Чин капрала — предусмотрительно оставленный выход для энергии молодых героев, а будь они свободны, они принялись бы строить баррикады, чтобы размять себе руки. Вот только сейчас я узнал, что один сержант по имени Лебрек произносит великолепные речи. Будь на этом герое блуза, он стремился бы к свободе. Теперь же, когда на нем мундир, он стремится к тирании и поддерживает порядок. Спокойствие внутри страны легко обеспечить, когда население под ружьем, и, обратите внимание, если за последние двадцать пять лет Париж разок и поволновался, то ведь это движение было вызвано военным министром {101}. Генерал сделал то, чего не мог бы сделать народный трибун.
Когда же этот генерал был удален из армии, то он отдалился и от народа и потерял силу. Итак, при любом государственном строе — будь то монархия, империя или республика — правители заинтересованы в обязательной воинской повинности, они предпочитают командовать армией, а не управлять народом.
Разоружение, которого не хотят они, нежелательно также и для народа. Он легко мирится с военной службой, которая, правда, лишена приятности, но зато соответствует жестокому и первобытному инстинкту большинства людей, воспринимается ими как наиболее простое, грубое и сильное выражение долга, подавляет их огромностью и блеском всей военной машины, обилием металла и, наконец, возбуждает картинами мощи, величия и славы, доступными их воображению. Они идут на военную службу с песнями, а не пойдут, так их заберут силой. Вот потому-то я и не предвижу конца этому состоянию, которое влечет за собой обнищание и отупение Европы.
— Существуют два выхода,— ответил командор Аспертини,— война и банкротство.

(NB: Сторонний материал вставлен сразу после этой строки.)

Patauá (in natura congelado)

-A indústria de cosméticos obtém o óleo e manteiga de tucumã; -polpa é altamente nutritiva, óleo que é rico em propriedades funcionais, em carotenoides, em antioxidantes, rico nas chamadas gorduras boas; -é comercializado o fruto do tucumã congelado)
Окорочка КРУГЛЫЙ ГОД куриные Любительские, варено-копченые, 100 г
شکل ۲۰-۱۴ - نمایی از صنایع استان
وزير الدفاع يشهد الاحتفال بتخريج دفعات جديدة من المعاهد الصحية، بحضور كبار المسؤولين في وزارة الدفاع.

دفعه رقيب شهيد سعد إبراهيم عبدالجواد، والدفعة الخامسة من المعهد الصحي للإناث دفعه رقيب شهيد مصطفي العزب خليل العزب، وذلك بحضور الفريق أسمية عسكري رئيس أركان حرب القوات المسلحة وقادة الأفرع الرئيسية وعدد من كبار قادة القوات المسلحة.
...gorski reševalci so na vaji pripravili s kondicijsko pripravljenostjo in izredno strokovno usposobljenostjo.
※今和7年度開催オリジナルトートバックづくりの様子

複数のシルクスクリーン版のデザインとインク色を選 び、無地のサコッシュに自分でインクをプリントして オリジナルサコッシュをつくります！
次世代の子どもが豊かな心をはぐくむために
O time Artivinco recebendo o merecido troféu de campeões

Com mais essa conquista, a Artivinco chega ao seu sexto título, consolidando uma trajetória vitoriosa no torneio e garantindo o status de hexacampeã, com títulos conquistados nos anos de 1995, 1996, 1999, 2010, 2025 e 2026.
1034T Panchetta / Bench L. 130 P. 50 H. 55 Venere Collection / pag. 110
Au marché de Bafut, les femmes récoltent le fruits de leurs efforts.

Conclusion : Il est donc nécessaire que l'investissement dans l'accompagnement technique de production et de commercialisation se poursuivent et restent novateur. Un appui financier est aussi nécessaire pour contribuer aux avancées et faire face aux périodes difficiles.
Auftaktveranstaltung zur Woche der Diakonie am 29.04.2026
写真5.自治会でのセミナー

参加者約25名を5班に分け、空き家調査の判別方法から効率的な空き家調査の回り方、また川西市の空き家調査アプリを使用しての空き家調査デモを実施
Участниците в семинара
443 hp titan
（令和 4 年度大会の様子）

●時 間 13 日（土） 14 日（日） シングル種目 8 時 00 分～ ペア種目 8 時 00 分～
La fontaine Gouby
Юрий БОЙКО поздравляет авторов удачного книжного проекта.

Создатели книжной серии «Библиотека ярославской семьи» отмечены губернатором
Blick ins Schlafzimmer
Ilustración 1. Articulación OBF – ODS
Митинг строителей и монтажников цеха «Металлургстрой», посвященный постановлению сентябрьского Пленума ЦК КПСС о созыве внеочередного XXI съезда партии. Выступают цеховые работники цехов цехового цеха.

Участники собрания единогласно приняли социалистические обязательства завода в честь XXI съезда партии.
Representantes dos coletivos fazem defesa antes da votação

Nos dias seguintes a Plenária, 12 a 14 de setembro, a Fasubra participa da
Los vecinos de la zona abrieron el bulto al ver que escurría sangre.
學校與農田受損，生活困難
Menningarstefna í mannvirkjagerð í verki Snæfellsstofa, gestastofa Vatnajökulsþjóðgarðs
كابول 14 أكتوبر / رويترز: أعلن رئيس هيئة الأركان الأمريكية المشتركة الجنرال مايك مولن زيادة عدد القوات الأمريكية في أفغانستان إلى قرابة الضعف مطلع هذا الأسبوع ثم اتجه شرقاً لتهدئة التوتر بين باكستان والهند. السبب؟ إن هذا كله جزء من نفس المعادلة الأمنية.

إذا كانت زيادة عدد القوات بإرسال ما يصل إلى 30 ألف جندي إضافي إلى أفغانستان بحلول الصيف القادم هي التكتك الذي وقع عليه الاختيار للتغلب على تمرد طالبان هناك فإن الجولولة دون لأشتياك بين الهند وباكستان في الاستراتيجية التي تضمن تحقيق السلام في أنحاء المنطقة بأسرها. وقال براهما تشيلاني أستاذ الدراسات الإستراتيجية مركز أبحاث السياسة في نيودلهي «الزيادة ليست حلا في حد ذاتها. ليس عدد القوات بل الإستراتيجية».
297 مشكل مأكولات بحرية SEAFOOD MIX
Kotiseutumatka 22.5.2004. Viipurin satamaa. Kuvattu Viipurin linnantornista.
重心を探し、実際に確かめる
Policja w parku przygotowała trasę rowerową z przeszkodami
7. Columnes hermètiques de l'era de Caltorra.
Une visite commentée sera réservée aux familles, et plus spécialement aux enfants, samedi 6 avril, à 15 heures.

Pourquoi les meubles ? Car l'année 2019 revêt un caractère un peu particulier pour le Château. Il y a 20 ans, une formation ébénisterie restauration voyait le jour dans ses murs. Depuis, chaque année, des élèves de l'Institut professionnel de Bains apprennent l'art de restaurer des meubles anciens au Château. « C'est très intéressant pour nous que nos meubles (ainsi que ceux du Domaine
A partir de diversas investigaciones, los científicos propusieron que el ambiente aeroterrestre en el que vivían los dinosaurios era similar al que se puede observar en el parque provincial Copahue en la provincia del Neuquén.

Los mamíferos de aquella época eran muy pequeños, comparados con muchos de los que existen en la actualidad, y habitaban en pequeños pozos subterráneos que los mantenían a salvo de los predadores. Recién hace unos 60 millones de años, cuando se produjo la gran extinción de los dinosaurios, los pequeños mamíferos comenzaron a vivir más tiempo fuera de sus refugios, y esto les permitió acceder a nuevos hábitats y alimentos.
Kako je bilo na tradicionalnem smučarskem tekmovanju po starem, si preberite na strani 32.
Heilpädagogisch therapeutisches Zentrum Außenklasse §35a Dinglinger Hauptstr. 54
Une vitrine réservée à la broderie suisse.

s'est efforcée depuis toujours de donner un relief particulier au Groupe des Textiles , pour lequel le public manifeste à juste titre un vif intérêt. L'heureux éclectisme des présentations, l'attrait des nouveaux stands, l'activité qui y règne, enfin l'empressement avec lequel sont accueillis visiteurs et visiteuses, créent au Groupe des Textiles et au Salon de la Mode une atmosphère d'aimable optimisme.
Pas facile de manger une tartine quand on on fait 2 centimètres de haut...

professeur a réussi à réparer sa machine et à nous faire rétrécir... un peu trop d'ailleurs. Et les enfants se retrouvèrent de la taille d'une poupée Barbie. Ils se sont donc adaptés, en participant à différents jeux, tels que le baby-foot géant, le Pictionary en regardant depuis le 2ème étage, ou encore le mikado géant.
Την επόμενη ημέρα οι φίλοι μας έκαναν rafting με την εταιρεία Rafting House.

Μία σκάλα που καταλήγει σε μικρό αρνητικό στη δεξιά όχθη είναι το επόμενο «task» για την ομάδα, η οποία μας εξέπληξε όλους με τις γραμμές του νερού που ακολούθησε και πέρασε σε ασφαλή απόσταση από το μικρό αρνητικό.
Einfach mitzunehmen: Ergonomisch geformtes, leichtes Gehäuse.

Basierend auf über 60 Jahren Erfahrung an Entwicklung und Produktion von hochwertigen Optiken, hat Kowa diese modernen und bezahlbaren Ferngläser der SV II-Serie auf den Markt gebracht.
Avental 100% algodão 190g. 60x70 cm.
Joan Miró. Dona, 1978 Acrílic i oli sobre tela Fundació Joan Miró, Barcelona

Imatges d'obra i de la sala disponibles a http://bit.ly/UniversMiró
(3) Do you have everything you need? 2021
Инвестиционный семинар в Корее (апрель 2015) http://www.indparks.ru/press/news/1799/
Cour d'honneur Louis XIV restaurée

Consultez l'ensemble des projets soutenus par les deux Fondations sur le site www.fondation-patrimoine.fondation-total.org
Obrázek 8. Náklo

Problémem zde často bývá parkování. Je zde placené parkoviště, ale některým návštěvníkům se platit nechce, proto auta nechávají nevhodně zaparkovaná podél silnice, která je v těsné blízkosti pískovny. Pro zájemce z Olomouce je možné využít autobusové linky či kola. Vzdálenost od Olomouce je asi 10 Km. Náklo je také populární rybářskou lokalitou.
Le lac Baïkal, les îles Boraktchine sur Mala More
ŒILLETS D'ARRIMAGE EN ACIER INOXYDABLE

— Война! — воскликнул г-н Бержере.— Совершенно очевидно, что усиленные вооружения отдаляют войну, так как делают ее слишком страшной и не обеспечивают победы ни той, ни другой стороне. А что касается банкротства, то я сам вчера еще предсказывал его, сидя на скамейке в городском саду, аббату Лантеню, ректору духовной семинарии. Но моим словам не стоит придавать значения. Вы слишком хорошо изучили историю Византийской империи, дорогой господин Аспертини, и потому, конечно, знаете, что у государства существуют какие-то таинственные финансовые источники, которые не поддаются учету экономистов. Разоренное государство может существовать пять столетий грабежом и незаконными поборами; и как подсчитать, сколько пушек, ружей, плохого хлеба, плохой обуви, соломы и овса при всей своей нищете может поставить большая страна своим защитникам?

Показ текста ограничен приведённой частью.